Everything from the line with "Style Selections Seacrest" down to the line with "Al llegar a" below must be printed exactly, those two lines included. Exclude pictures.

── RECORDS PROVIDED

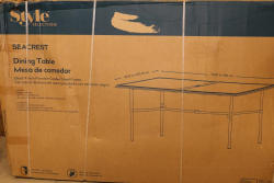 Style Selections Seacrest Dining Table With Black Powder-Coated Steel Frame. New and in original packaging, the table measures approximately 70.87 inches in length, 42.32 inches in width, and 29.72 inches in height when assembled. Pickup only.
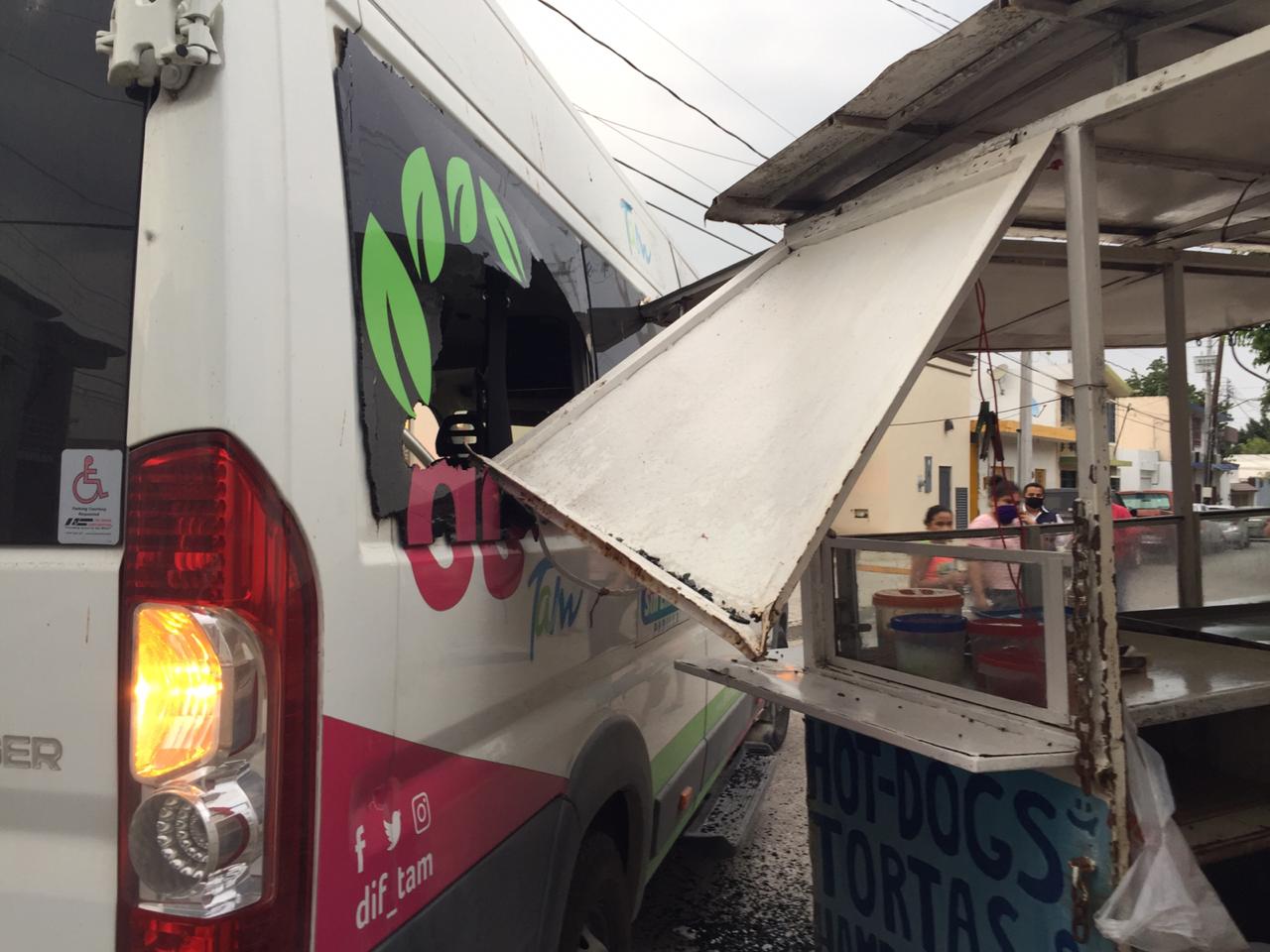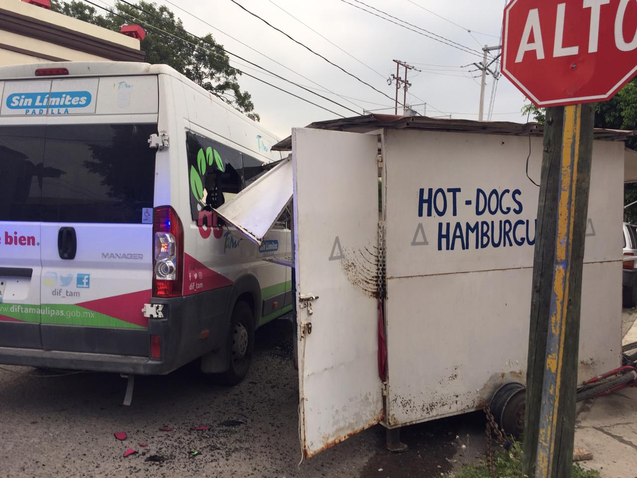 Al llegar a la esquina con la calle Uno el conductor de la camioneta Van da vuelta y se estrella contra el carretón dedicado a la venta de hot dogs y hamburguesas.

────
── RECORDS PROVIDED

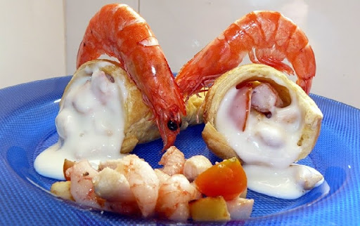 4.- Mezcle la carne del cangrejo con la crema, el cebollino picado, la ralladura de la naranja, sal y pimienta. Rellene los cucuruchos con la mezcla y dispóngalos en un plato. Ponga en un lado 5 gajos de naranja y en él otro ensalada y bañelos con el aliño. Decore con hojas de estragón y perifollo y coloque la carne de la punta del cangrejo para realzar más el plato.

────

== OUTPUT FOR THIS EXERCISE ==
 Style Selections Seacrest Dining Table With Black Powder-Coated Steel Frame. New and in original packaging, the table measures approximately 70.87 inches in length, 42.32 inches in width, and 29.72 inches in height when assembled. Pickup only.
 Al llegar a la esquina con la calle Uno el conductor de la camioneta Van da vuelta y se estrella contra el carretón dedicado a la venta de hot dogs y hamburguesas.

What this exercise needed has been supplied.